Previous Article in Journal
Development of a Prototype Hybrid Mixed Reality and Haptic Task Trainer for Temporomandibular Joint Dislocation
Previous Article in Special Issue
Sleep Matters: Profiling Sleep Patterns to Predict Sports Injuries in Recreational Runners
 
 
Article
Peer-Review Record

An Exploratory Study of the Acute Effects of Football Heading on Postural Control and Corticospinal Inhibition

Appl. Sci. 2025, 15(23), 12814; https://doi.org/10.3390/app152312814
by Daniel J. Epifano 1,2, Jon Wheat 1,2, Ben Heller 3, Alan J. Pearce 4 and Kane Middleton 1,*
Reviewer 1: Anonymous
Reviewer 2: Anonymous
Reviewer 3: Anonymous
Reviewer 4: Anonymous
Appl. Sci. 2025, 15(23), 12814; https://doi.org/10.3390/app152312814
Submission received: 29 October 2025 / Revised: 24 November 2025 / Accepted: 28 November 2025 / Published: 3 December 2025
(This article belongs to the Special Issue Human Performance and Health in Sport and Exercise—2nd Edition)

Round 1

Reviewer 1 Report

Comments and Suggestions for Authors

Accept after minor

Comments for author File: Comments.pdf

Comments on the Quality of English Language

A minor correction in English improvement is possible

Author Response

See attached

Author Response File: Author Response.pdf

Reviewer 2 Report

Comments and Suggestions for Authors

The authors examine the acute effects of 10 shots and 10 headers in adult recreational footballers, comparing linear and nonlinear postural-control metrics alongside the TMS cortical silent period (cSP). The main findings are that, after heading, the anterior–posterior Complexity Index (CI-AP) decreases, RMS-AP and COPx shift increase, and cSP lengthens (some effects are marginal or only significant in pairwise tests). On this basis, the authors argue that nonlinear complexity measures may be more sensitive to detecting non-concussive head impacts (NCHI).The content of the article is complete and the results are reliable, but there are still some issues that need to be addressed:

  1. The abstract reads unevenly, and the phrase “this exploratory study” is ambiguous—unclear whether it refers to prior work or to the present study.

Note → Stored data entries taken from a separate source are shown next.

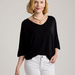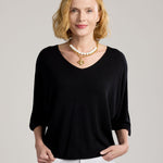 - A versatile essential, the Esma Knit Top brings softness and sophistication to your spring wardrobe. Its drapey silhouette, dolman 3/4 sleeves, and soft v-neck create a relaxed yet polished look perfect for any occasion. Pair it with our Madelyn Silk Pants for refined elegance, the Lenore Linen Pants for breezy charm, or your favorite jeans for effortless comfort.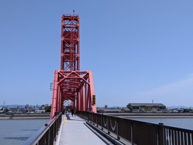 ドロンパからすぐ目の前に赤い橋が見えます。稼働部分までは約300mほど。雄大な筑後川の上を歩いて行くのはとっても気持ち良い!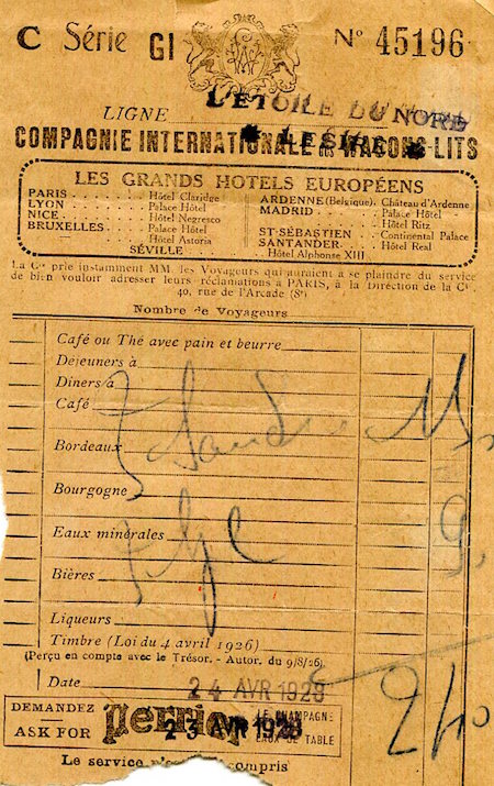 CIWL Nord Express Dining Car Receipt 1928

Please revise to make the subject explicit (e.g., “In this exploratory study, we…”).
  2. There is duplicated and inconsistent citation formatting in the same sentence: “(Pearce et al., 2015) (Pearce et al., 2025).” Please verify the years and either merge or remove one of them, and ensure consistent style.
  3. Although the heading technique was standardized by instruction (forward header, no jump), in practice the first participant used a ball-delivery machine while all others received hand-tossed balls. This likely altered the consistency of incoming speed and angle. How did you monitor and ensure technical consistency across participants? Was neck-muscle activation assessed to account for possible differences in effort?
  4. “Kicking” was chosen as a control to match factors other than head impact, yet the experiment used a fixed sequence: baseline → kicking → heading. Could the kicking task itself modify lower-limb proprioception or postural-control strategies and thus interact with the heading condition? Did you consider a more neutral control (e.g., ball-free simulated movement) or analytic adjustments for order effects?
  5. Figure 1 is noticeably blurry. Please replace it with a high-resolution image. Also review all figures and tables for consistent formatting (resolution, font sizes, line widths, color scheme) and standardize them across the manuscript.
  6. You note that only 13 participants were included for various reasons and frame the study as exploratory. A sensitivity analysis is provided to show detectable effect sizes at this sample size, but it is based on repeated-measures ANOVA and paired t-tests, whereas the actual analysis relies on linear mixed models (LMMs). Please discuss this mismatch—ideally supplement with an LMM-appropriate sensitivity/simulation analysis, or explain the rationale and limits of using ANOVA-based estimates.
  7. The study uses several device-specific, multivariate complexity indices (e.g., mMSE-XY). What is their criterion validity relative to the more commonly reported, force-plate–based univariate metrics (e.g., CI-AP) in the academic literature? Can they be directly compared? Please provide supporting references or analyses.
  8. The Methods state that participants completed 60 incongruent Stroop trials with spoken responses, but the Results do not report accuracy, reaction times, or any basic compliance measures. Without these, it’s hard to confirm comparable dual-task load. Please report Stroop performance and consider including it as a covariate or manipulation check.
  9. Please temper the wording of the findings and provide a fuller account of missing data. Given the relatively high proportion of missingness, specify the reasons (equipment issues, non-compliance, artifacts, etc.), describe the presumed missingness mechanism, and explain how it was handled (complete-case analysis, multiple imputation, sensitivity analyses) and how this might affect the conclusions.

Author Response

See attached

Author Response File: Author Response.pdf

Reviewer 3 Report

Comments and Suggestions for Authors

 

The paper investigates whether ten controlled football headers (non-concussive head impacts) produce short-term alterations in postural control and corticospinal inhibition in amateur players. The study uses a within-subject design with three conditions (baseline, kicking, heading), measuring center-of-pressure (COP) parameters and cortical silent period (cSP) via TMS.
Results suggest decreased postural complexity (CI-AP) and increased corticospinal inhibition post-heading, indicating subtle neurophysiological effects of routine heading.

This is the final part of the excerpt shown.